O governo Jair Bolsonaro registrou no primeiro semestre deste ano o pior índice da história na concessão de dados públicos pela Lei de Acesso à Informação (LAI). Levantamento feito pelo Painel mostra que, entre janeiro e junho, órgãos federais decidiram abrir as informações em apenas pouco mais da metade das 86.656 solicitações recebidas (54%). Em 2019, no mesmo intervalo, as aprovações corresponderam a 68%. A lei entrou em vigor em 2012. Desde então, o índice de acessos concedidos nunca tinha ficado abaixo de 65%.

O número de acessos negados seguiu estável, com 5.578 recusas (6,5%). Boa parte da diferença de respostas positivas deve-se ao direcionamento crescente de pedidos para o e-Ouv, canal de ouvidorias do Executivo. A plataforma, criada com a Lei de Proteção e Defesa do Usuário, em 2018, é destinada para “denúncias, solicitações, sugestões, reclamações e elogios.”

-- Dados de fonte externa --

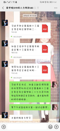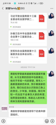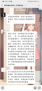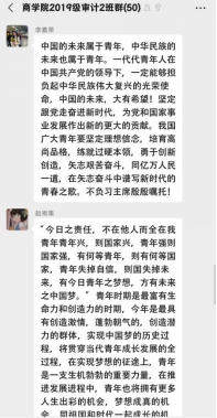 2019级其他各班团支部通过线上开展学习,大家通过提前自学贺信、致辞内容和大会会议精神,认真总结心得体会,并在班级群内积极发言谈感想和体会。大家纷纷表示,要以新时代新青年的担当,认真抓好学习和实践,牢记习近平总书记的嘱托,以青春奉献的姿态,为中华民族伟大复兴做出自己的贡献。

“A discussão que precisa ser feita é sobre o limbo que fica, a linha entre o que é informação e deve ser tratado pela LAI e o que é reclamação e é de responsabilidade das ouvidorias. Isso acaba abrindo margem para várias interpretações”, destaca Manoel Galdino, diretor-executivo da Transparência Brasil.

Diferentemente dos dois últimos anos, nos quais “governo e política – administração pública” tinha sido o assunto mais procurado, o coronavírus foi o tema de maior interesse em 2020 até agora, com 10.816 solicitações, o que representa 12,63% do total. As questões relativas à administração pública aparecem na sequência, com 10.351 pedidos (12,08%).

Em meio à pandemia, houve um número recorde de pedidos feitos com base na Lei de Acesso à Informação no primeiro semestre de 2020. Foi registrado um aumento de 31% em relação ao ano passado, sendo 85.656 solicitações entre os meses de janeiro e junho, contra 65.397 no mesmo período de 2019.